Que ce soit à la cérémonie des Césars, dans la rue, sur les murs ou sur les réseaux sociaux, cette année a été marquée par une accélération des luttes féministes en France. Un combat qui ne cesse de bousculer les habitudes profondément ancrées dans notre société patriarcale. Depuis sa création, Radio Parleur tend le micro à celles qui se battent pour obtenir enfin une véritable égalité entre femmes et hommes. Dans ce dossier de l’été, retrouvez une sélection de notre travail pour documenter et penser ce mouvement historique.

Au conseil de Paris, ce 24 juillet, elle a « explosé » : Alice Coffin, journaliste, militante LGBT et engagée de longue date dans les combats féministes, vient d’être élue au conseil de Paris. « La honte, la honte, la honte ! » s’écrie-t-elle. Plus bas dans la salle, Christophe Girard reçoit l’ovation de nombreux élus du conseil. La veille, l’adjoint à la culture, proche de la maire Anne Hidalgo, a annoncé sa démission après presque 20 ans de présence dans l’équipe municipale parisienne.
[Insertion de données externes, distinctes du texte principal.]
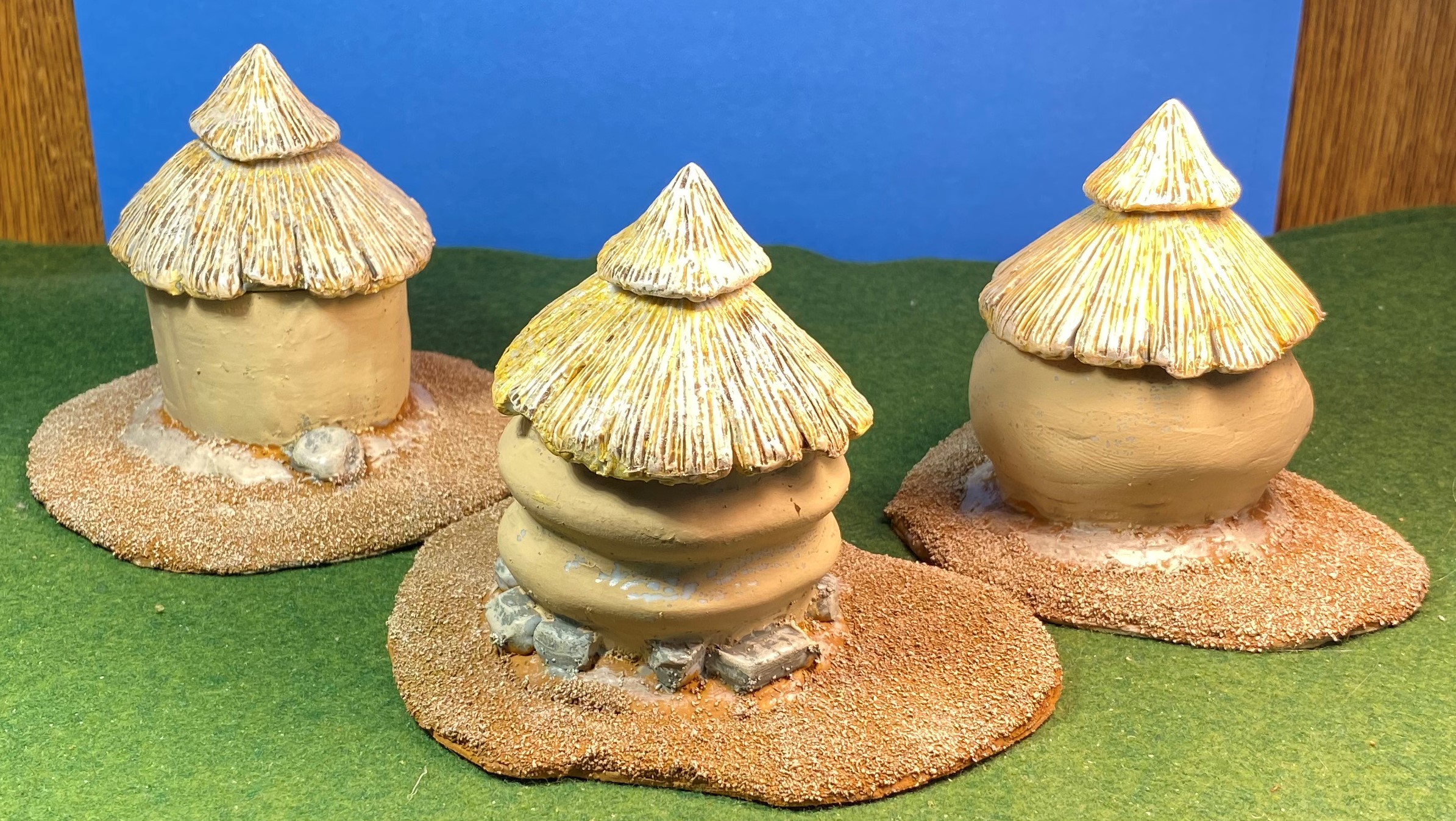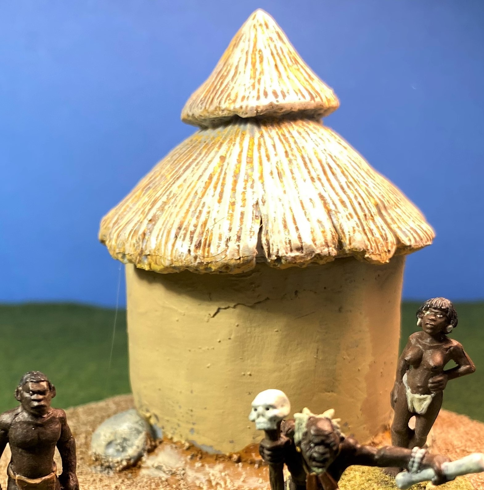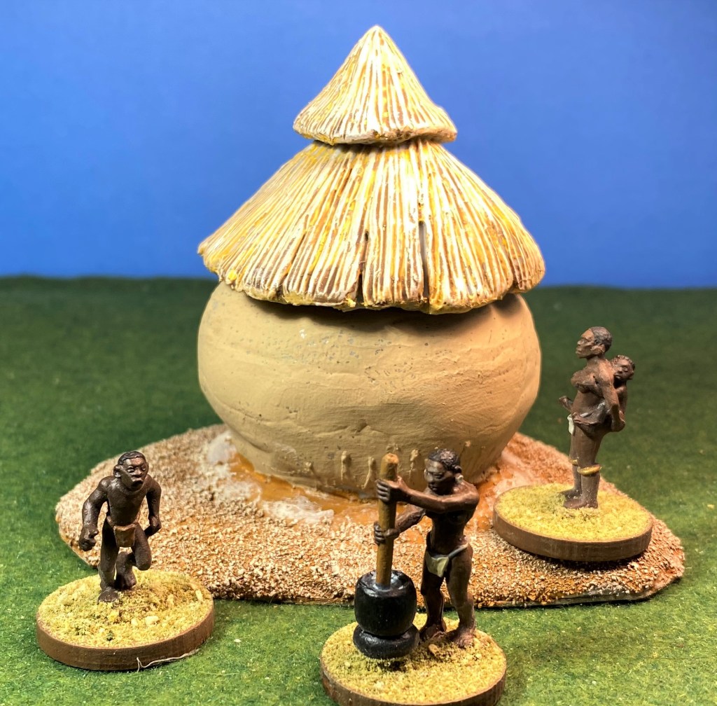 I purchased the African Village Set, which comes with a veranda, four huts, and two granaries. In addition, I had also purchased two other African huts and a granary. I decided to paint the granaries first since they are smaller and gave me the opportunity to get realistic colors for both the granary and its thatched roof. I would then use the same colors for the huts.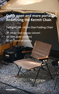 صندلی تاشو سریع باز شو Twilight L04 توسط Naturehike، مظهر راحتی و برای ماجراجویی های شما در فضای باز. این صندلی سبک وزن تنها 2.4 کیلوگرم وزن دارد و به لطف آلیاژ آلومینیوم و ساختار آهن به راحتی قابل حمل و در عین حال مستحکم است. پارچه فیبر 100٪ پلی استر دوام و نگهداری آسان را تضمین می کند. با ابعاد 61x53x70 سانتی متر و اندازه ذخیره سازی جمع و جور 72x17x17 سانتی متر، برای استفاده در حین حرکت عالی است. Twilight L04 که در رنگ مشکی براق یا قهوه ای کلاسیک موجود است، ظرافتی را به هر محیط بیرونی می بخشد. تجربه نشستن در فضای باز را با صندلی سفری Naturehike Twilight L04 ارتقا دهید.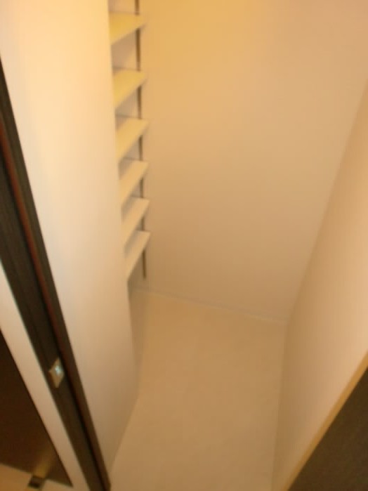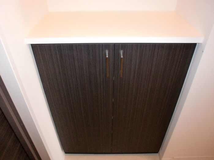 右側には、上に物が置けるタイプの下駄箱があります。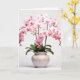 O cartão de aniversário é mostrado com uma adorável impressão floral de orquídeas. Personalize este cartão ou comprar como está. A placa tem um dentro de mensagem especial. Imagem licenciada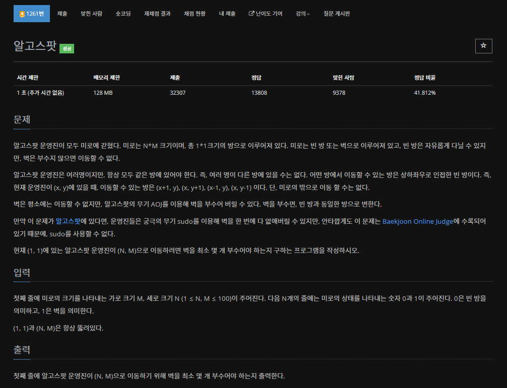 - 벽을 부시면 비용(cost)를 추가 지불 해야하므로 deque()오른쪽에 넣는다.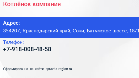 Котлёнок, компания по адресу 354207, Краснодарский край, Сочи, Батумское шоссе, 18/1 в дальнейшем Организация, размещена в следующих категориях: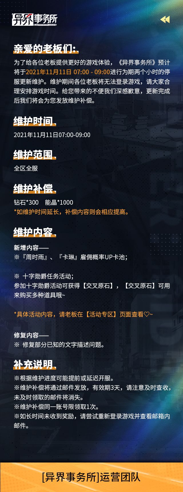 《异界事务所》11月12日维护公告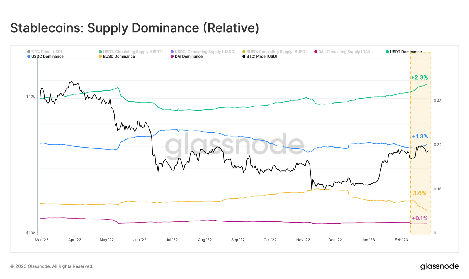 Sebelum ada ‘penjegalan’ dan NYSDFC dan Komisi Sekuritas dan Bursa (SEC), dominasi BUSD di pasar stablecoin cukup besar, mencapai 11%. Setelah pasokan BUSD terus turun, Tether (USDT) semakin merajai pangsa pasar stablecoin dengan dominasi hingga 54%.

En cause : ses liens avec l’écrivain Gabriel Matzneff accusé de pédophilie.

Il affirme ne pas être un proche de l’écrivain, ne plus supporter les accusations fausses à son encontre et les manifestations des associations féministes devant l’Hôtel de ville. Quelques jours plus tard un article du journal Médiapart viendra nuancer ses affirmations et rappeler l’existence de repas, payés par la ville, avec Gabriel Matzneff.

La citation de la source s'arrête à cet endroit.